Es ist immer wieder die Liebe zur Musik, die Menschen dazu bringt Geld in die Hand zu nehmen und ein unabhängiges Label zu gründen. Meistens ist eine Band da draußen, die niemand veröffentlichen will, also beschließt jemand es selber zu tun. Rough Trade ist so entstanden, das GHvC oder auch Sub Pop. Und eben X-tra Mile aus London. Das Label ist wohl vor allem dafür bekannt, die Platten von Everybodies Darling Frank Turner zu veröffentlichen. Trotz internationalen Major Deal, hält der Sänger auf dem Heimatmarkt, dem kleinen Indie Label die Treue. Doch neben dem Zugpferd Frank Turner sind mittlerweile weitere tolle Künstler bei dem Label unter Vertrag, die ganz langsam auch in Deutschland wahrgenommen werden. Höchste Zeit sich mit Charlie Caplowe, dem Gründer von X-tra Mile zu unterhalten.

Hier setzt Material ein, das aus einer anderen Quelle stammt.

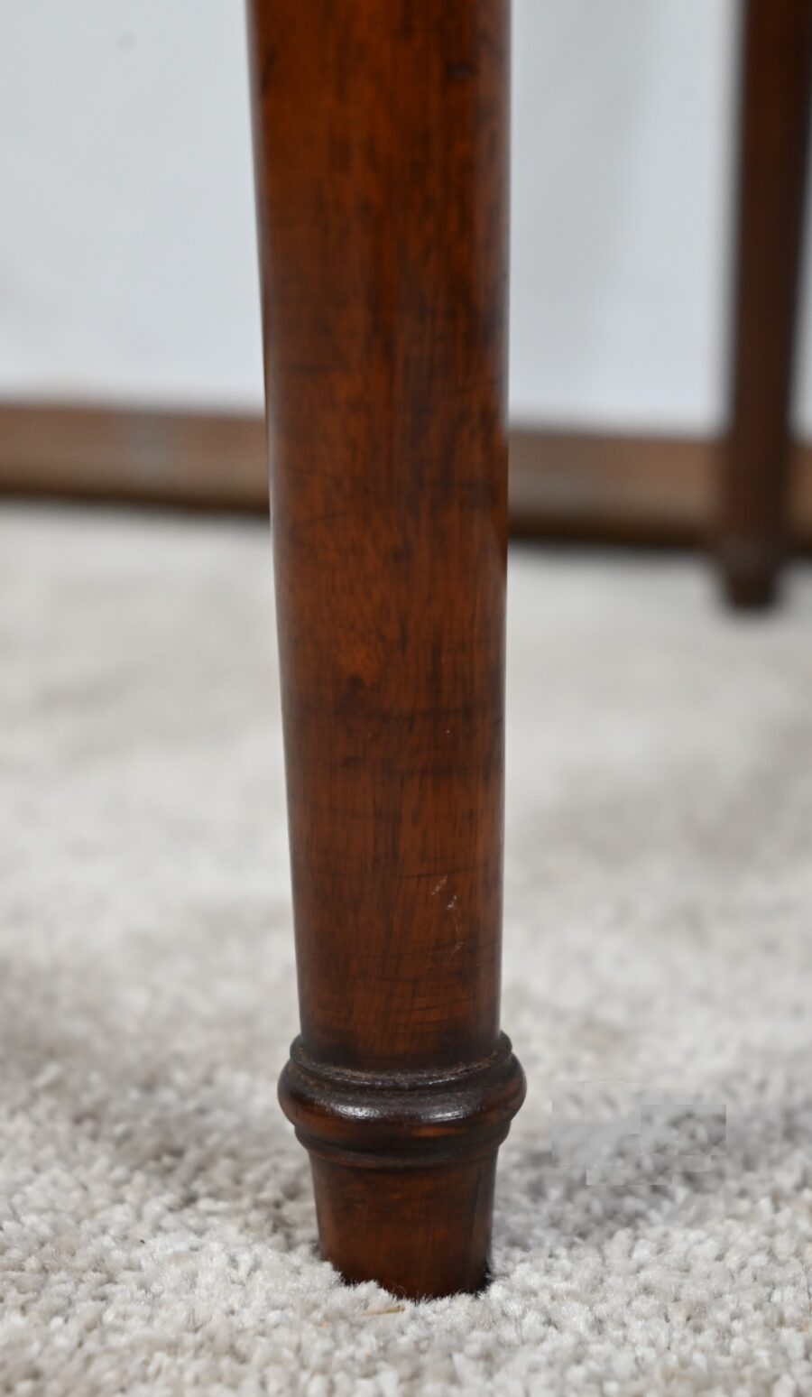 L’ensemble repose sur quatre pieds tournés en fuseaux.
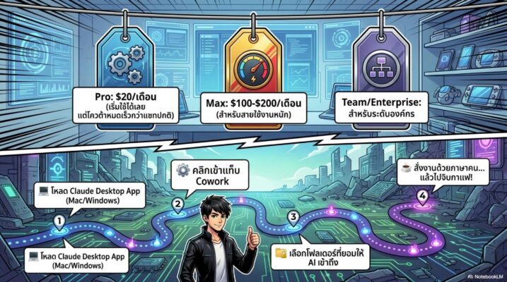 Cowork มีให้ใช้ในแผน Pro ($20/เดือน), Max ($100-200/เดือน), Team และ Enterprise โดยใช้งานผ่าน Claude Desktop App บน macOS หรือ Windows
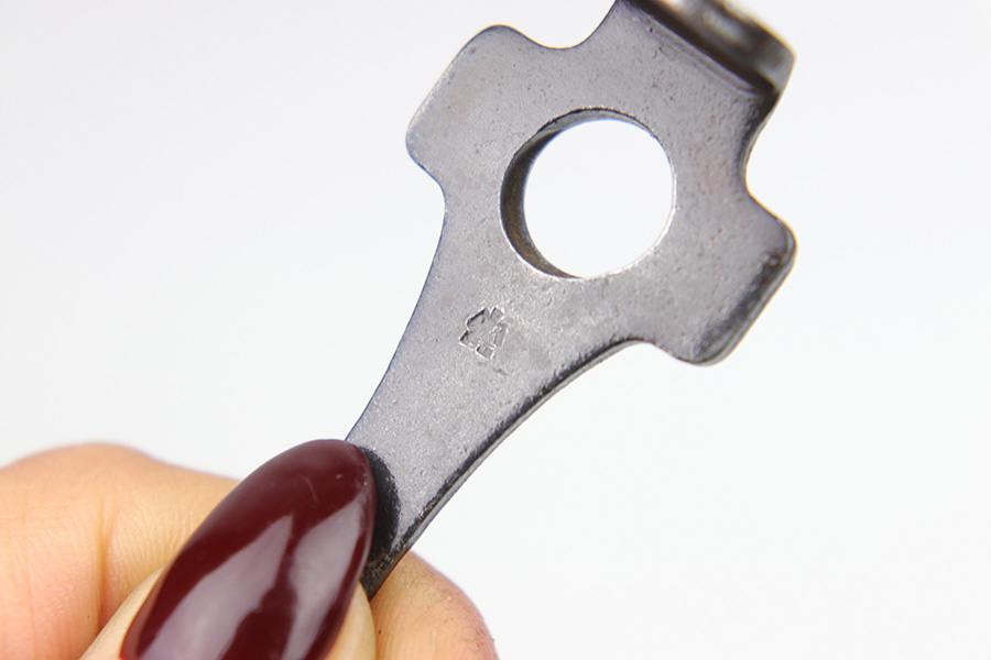 1/10/23 – This is an original Mauser Luger tool from WW2. The tool is stamped on the front with a droop winged eagle 63. These were military proof stamps used on Mauser Lugers up until 1937. The tool is in great condition with most of the original finish intact and some mild surface patina as shown.
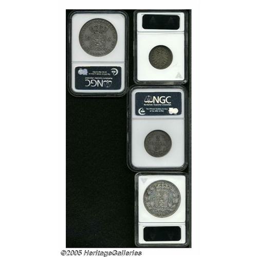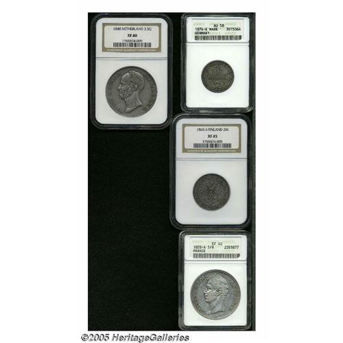 <B>Circulated European Silver in Slabs, </B></I>Finland 2 Markkaa 1865 XF45 NGC, France 5 Francs 1828A XF40 ANACS, Germany Mark 1874E AU58 ANACS, deeply toned, and Netherlands 2 1/2 Gulden 1848 XF40 NGC. <B>Sold as is, no return lot.</B></I>
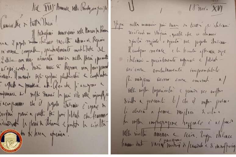 Os documentos foram localizados quando estavam prestes a ser leiloados por uma renomada casa de Turim, e as primeiras investigações confirmaram que as folhas continham anotações com a caligrafia de Mussolini, assim como a marca "M" no rodapé da última página, um monograma utilizado pelo próprio ditador.
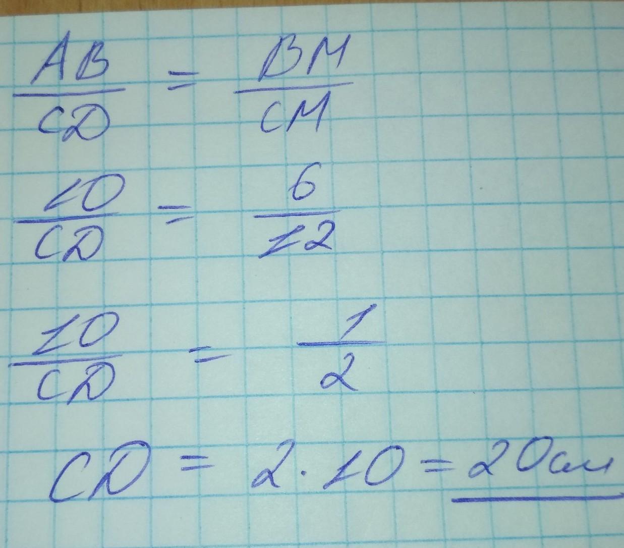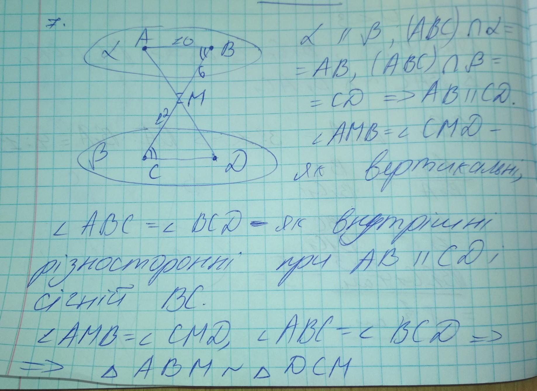 Дано дві паралельні площини α і β. Точки А і В належать площині α, точки С і D — площині β. Відрізки AD і ВС перетинаються в точці М, АВ=10см, BM=6см, CM = 12см. Знайти довжину відрізка CD. ПОМОГИТЕ
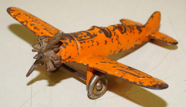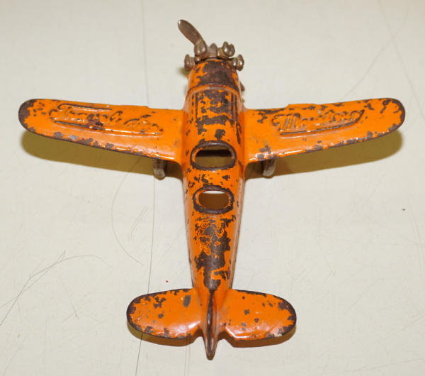 6" long, 7" wingspan, one blade on the prop is repaired, 75% paint
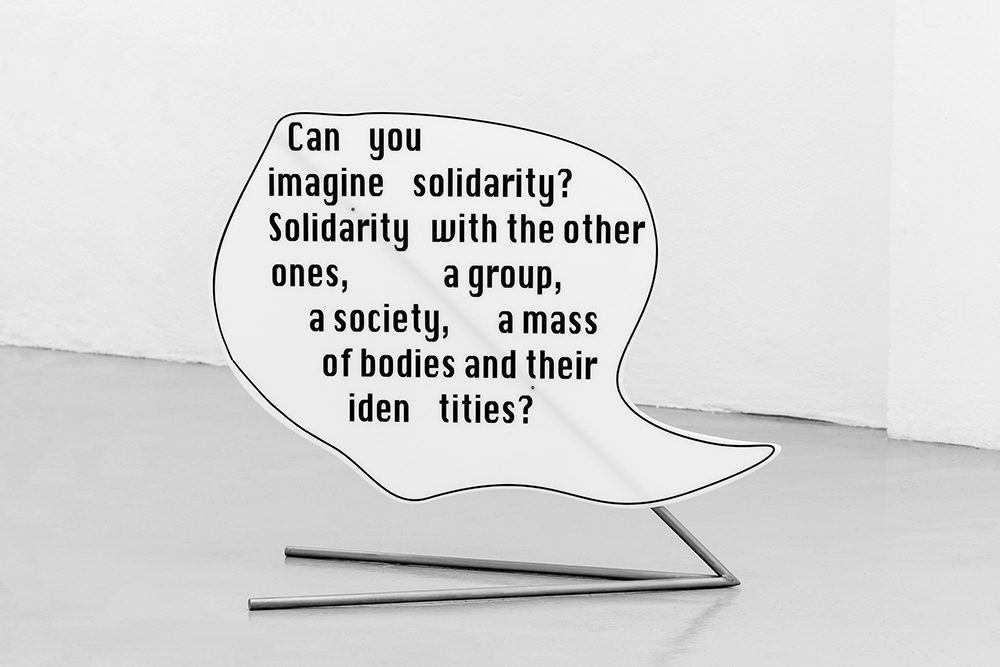 „Becoming giants,“ she now mumbles quietly and with ease, „we know our body only in parts. We have to bend in an attempt to see, leave the center for the periphery. „ She rhymes sometimes, but then she continues seriously: „Can you imagine solidarity? Solidarity with the other ones, a group, a society, a mass of bodies and their identities?“
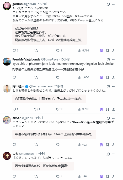 不同于国内玩家的大多赞叹,日网社交平台上的声音格外尖锐。日本博主@kyabetsuhuman转发该实机演示时,一语道破争议核心:“质量确实很高,但最近的中国游戏外表看起来实在太雷同了。”简单一句话,迅速引发大批海外玩家共鸣,原本聚焦画面的讨论,彻底转向对国产游戏缺乏新意、千篇一律的担忧与吐槽。
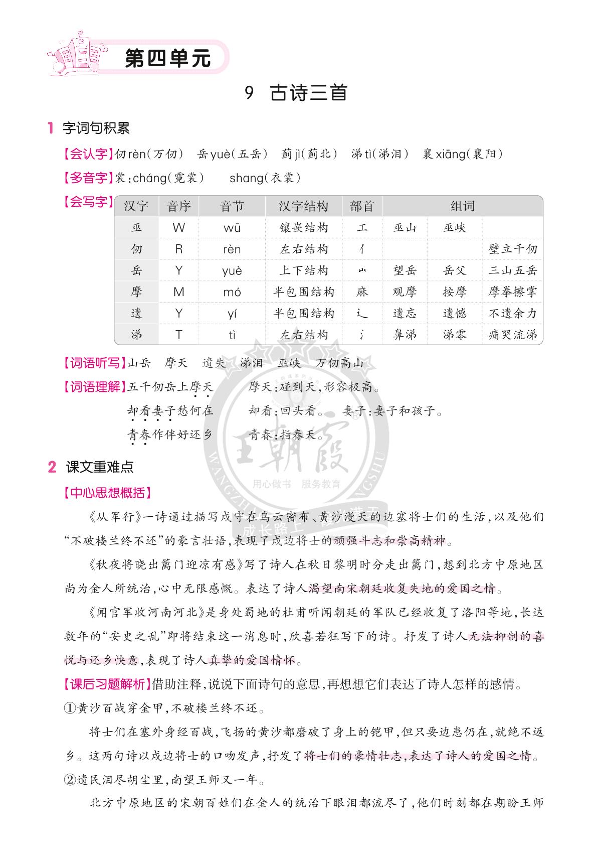 人教版·五年级·语文字词句段、课后习题语文园地知识点梳理(第四单元)
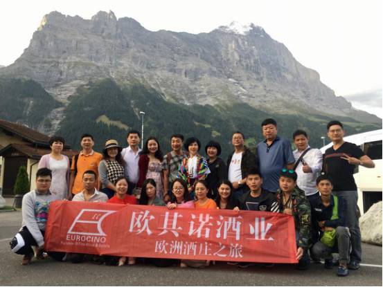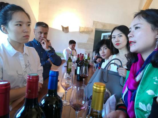 歐其諾考察團(tuán)到達(dá)格拉夫-吉尼亞酒莊(捧著酒的是莊主布魯諾先生)
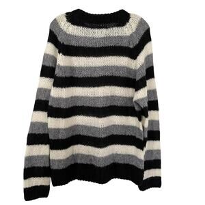 Black, white & gray stripes, relaxed crewneck, long sleeves, and ribbed cuffs. Soft alpaca blend, perfect for layering this fall/winter. Excellent condition!
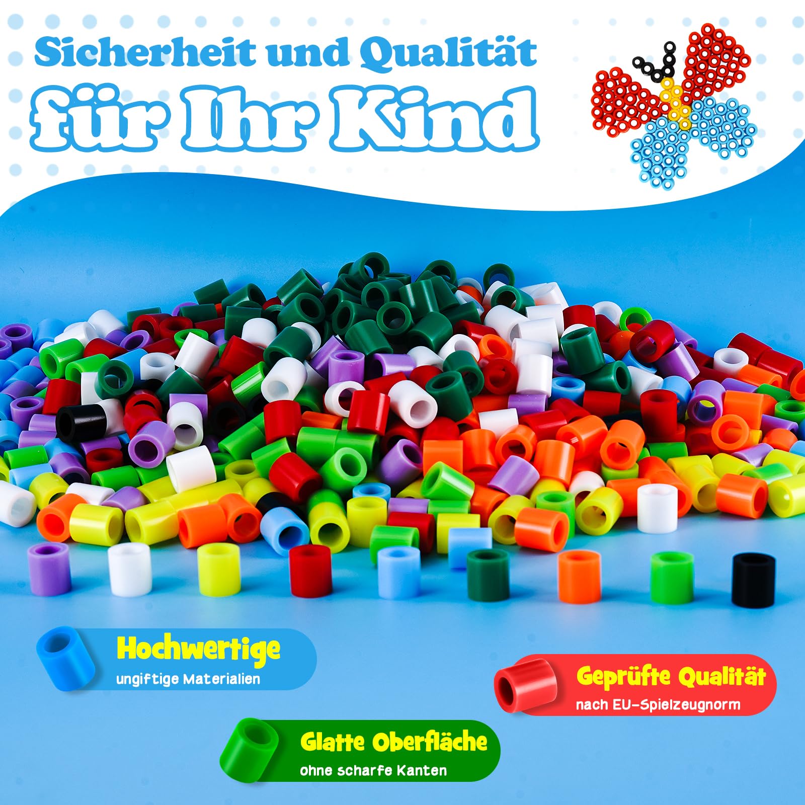 • 100% Sicherheit & Hochwertige Materialien - Ihr Kind ist Bestens Geschützt Das Bügelperlen Set besteht aus ungiftigen, schadstoffgeprüften Materialien (EN71 zertifiziert). Alle Perlen haben abgerundete Kanten und sind absolut frei von Scharfkanten. Der Bügelvorgang erfolgt natürlich nur unter Aufsicht von Erwachsenen.
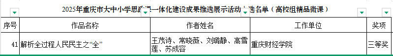 其中,马克思主义学院教师王茂诗、常晓薇、刘璐静、高雪莲、苏成容团队制作的《解析全过程人民民主之“全”》荣获高校组精品微课三等奖。
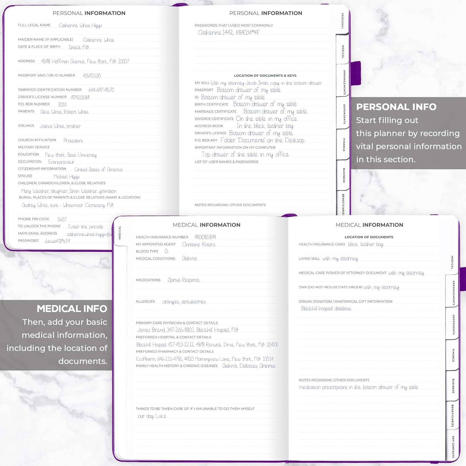 - PREPARE DETAILED INSTRUCTIONS TO GUIDE YOUR LOVED ONES: This guided final arrangements planner is an easy-to-use tool for organizing all essential personal information, from medical data to passwords and financial records.
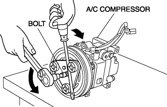 1. When removing or installing the bolt, hold the pressure plate in place as shown in the figure.
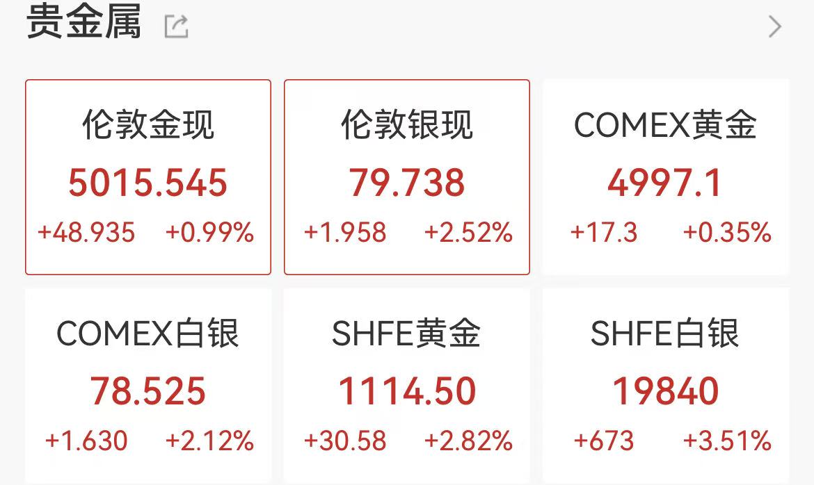 2月9日,现货黄金、白银表现出反弹态势。现货黄金逼近5000美元/盎司;现货白银日内一度涨超2%。
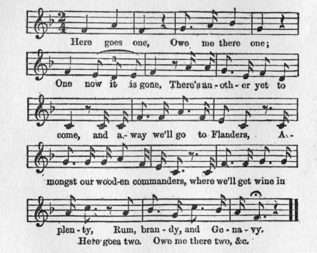 Whereon (laugh not, reader, for it was the fashion of those musical, as well as valiant days) up rose that noble old favorite of good Queen Bess, from cornet and sackbut, fife and drum; while Parson Jack, who had taken his stand with the musicians on the poop, worked away lustily at his violin.
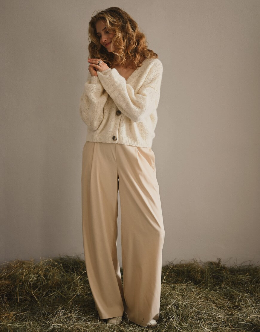 Кардиган з вовни альпаки та мериносу виконаний у молочному кольорі. Виріб дуже приємний до тіла, теплий та комфортний у носінні. Модель оздоблена ґудзиками.
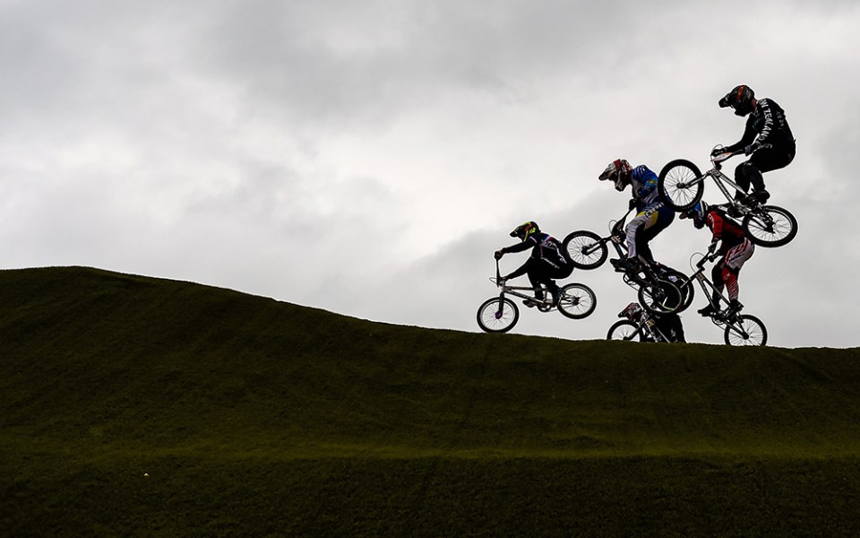 Competitors take part in the International BMX Cycling Challenge in Rio de Janeiro.
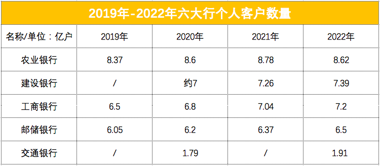 建行、工行位列其后,2022年个人客户数量分别为7.39亿户和7.2亿户,从2019年至2022年,逐年稳定增长。

„X-tra Mile ist wie eine Familie für mich. Wir haben schon zusammengearbeitet, als ich noch in meiner alten Band „Million Dead“ war. Unser Debüt war die erste offizielle Veröffentlichung auf dem Label, auch wenn damals noch alles in den Kinderschuhen steckte. Nachdem Million Dead sich aufgelöst und ich mich entschlossen hatte Solo weiterzumachen, dachten die meisten Menschen, ich sei völlig bekloppt. X-tra Mile und speziell Charlie, glaubten an mich. Seitdem arbeiten wir zusammen und ich bin wirklich stolz auf das, was sich seitdem entwickelt hat. X-tra Mile veröffentlicht und fördert so viele junge Talente und großartige Musik. Sie sind das Rückgrat meiner Karriere“. Frank Turner

„Let’s begin at the beginning“: Wo, wann und warum wurde X-Tra Mile gegründet? Und womit beschäftigt Ihr Euch gerade?

Ich hatte zuvor eine unabhängige PR Firma mit dem Namen Press Counsel PR und arbeitete mit vielen Bands zusammen, u.a. auch mit großen Acts wie Placebo, Reef, The Darkness und sogar für ein Album mit New Order. Das waren prinzipiell alles Bands auf Major Labels.
2003 übernahm ich die PR von Frank Turners damaligen Band Million Dead, aber kein Label wollte die Gruppe unter Vertrag nehmen. Ohne eine Platte draußen zu haben, kannst du aber nur bedingt Werbung für eine Band machen. Also dachte ich mir, ich gründe selber ein Label und bringe das Album raus.
Im Moment sind wir mit den Veröffentlichungen von den Alben von Skinny Lister, To Kill a King, PJ Bond und Frank Turners Third Three Years CD beschäftigt. Außerdem sind wir sehr glücklich über unsere neustes Release ESME Patterson.

2003 war die Musikindustrie schon ziemlich am Boden. Hattest Du jemals Zweifel am Label oder hast es bereut es gegründet zu haben?

Niemals. Natürlich waren die ersten fünf Jahre nach Gründung, die Arbeit für das Label, nur ein Teil meiner Tätigkeit. Aber alle Facetten eines Labels kennenzulernen und nicht nur der Presse Typ zu sein, war unglaublich interessant und für mich eine aufregende Zeit. Ich wusste ich wollte das Label weiter ausbauen oder eine Band managen. Und das mache ich seitdem, ich manage Frank Turner, seitdem er Solo spielt.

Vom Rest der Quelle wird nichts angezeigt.